Modi turns unassailable - GulfToday

Modi turns unassailable

Shaadaab S. Bakht


Shaadaab S. Bakht, who worked for famous Indian dailies The Telegraph, The Pioneer, The Sentinel and wrote political commentaries for, is Gulf Today’s Executive Editor.


Amit Shah, the head of the BJP party (second from left) and Narendra Modi after the election results were announced. File


Narendra Modi is back again as premier. And we mustn’t grudge him for that because he has been elected and not selected, and by millions. Some of us may not agree with his ways — pro-corporate stand, an inconsiderate plan to get rid of black money, extremely tardy response to fugitive tycoons — and that is our democratic right.

That he went ahead with his agenda sidestepping all concerns was his democratic right.

‘India is the world’s largest democracy, which recognises nothing but numbers, and Modi has them in unchallengeable proportions’

India is the world’s largest democracy, which recognises nothing but numbers, and Modi has them in unchallengeable proportions.  

The voting, that took place over weeks, indicates and in no uncertain terms that the Bharatiya Janata Party (BJP) completely blew the Congress Party out of the water and left it unhealthily beached.

The record margin of the victory can’t be attributed to the economy because it is stuttering or to the agricultural sector because its woes are common knowledge or to the employment factor because it is anything but sound. 

Therefore, there is a serious temptation to believe that apart from the sanitation and the rural electrification programmes what must have really brought home love for the BJP was its unadmitted campaign to conquer the fear of the insatiable advocates of majoritarianism, who felt that all political outfits had gone too far with their policies of minority appeasement.

The fear-stricken had thought that the minorities’ share of the pie was growing at an alarming rate and had to be stopped.

The subtle effort of the BJP on that front was reflected in the speeches of its leaders.

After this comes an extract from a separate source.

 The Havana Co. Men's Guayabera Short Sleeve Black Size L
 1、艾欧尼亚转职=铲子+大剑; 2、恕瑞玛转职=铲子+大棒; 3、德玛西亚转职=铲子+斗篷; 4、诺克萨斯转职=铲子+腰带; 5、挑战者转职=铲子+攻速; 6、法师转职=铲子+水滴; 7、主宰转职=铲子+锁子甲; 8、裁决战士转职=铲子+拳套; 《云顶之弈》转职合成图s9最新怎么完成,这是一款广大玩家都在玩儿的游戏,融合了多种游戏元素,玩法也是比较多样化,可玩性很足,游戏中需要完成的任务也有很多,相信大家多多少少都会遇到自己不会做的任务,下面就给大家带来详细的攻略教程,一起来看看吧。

A party big-timer referred to the minorities as termites. Another heavyweight said, “If you want to eat beef go to Pakistan.”

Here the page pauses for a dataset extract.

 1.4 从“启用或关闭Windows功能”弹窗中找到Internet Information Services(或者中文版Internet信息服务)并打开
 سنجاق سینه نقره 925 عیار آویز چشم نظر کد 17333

That kind of front-bench rhetoric was expected to earn rich dividends in a country where the political boiling point is extremely low. And it did.

Well, all isn’t lost for the nearly 12 per cent of the Indians. The prime minister did speak of an inclusive India as he reacted to his incredible triumph.

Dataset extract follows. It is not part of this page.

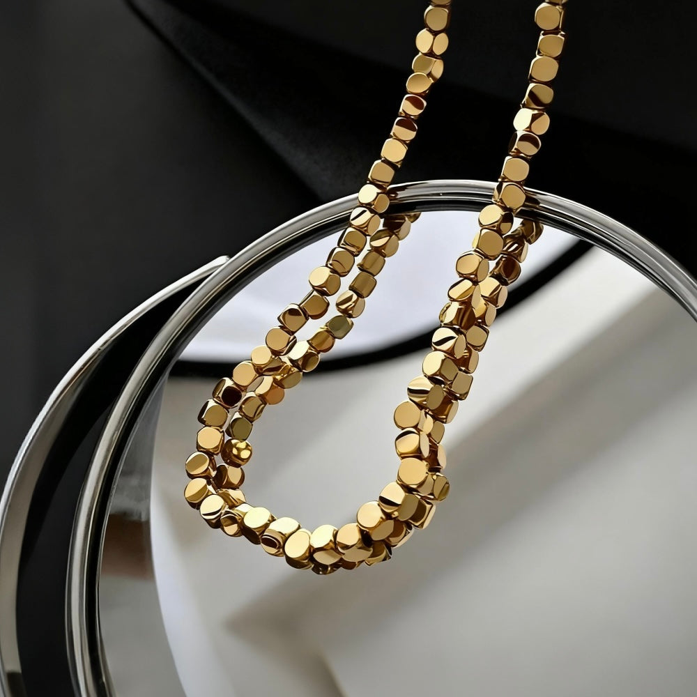 Experience luxury with our Rich Thousand Cube chain! Inspired by the iconic thousand cube design, each small cube is crafted from top-quality hematite for a stunning and durable accessory. Elevate your style with the perfect combination of elegance and modernity.

“Unfortunately, minorities of this country have been kept in fear, used in elections. We have to end this cycle,” Modi said, calling for winning the trust and confidence of the minorities.

He accused the opposition parties of keeping the minorities confused and frightened, instead of working on the improvement of education and health among them.

We are sure Modi will not change his position on the minorities, but unfortunately his colleagues could because in the world of realpolitik truth is viewed as a highly demanding intruder and fair play an unrelenting adversary.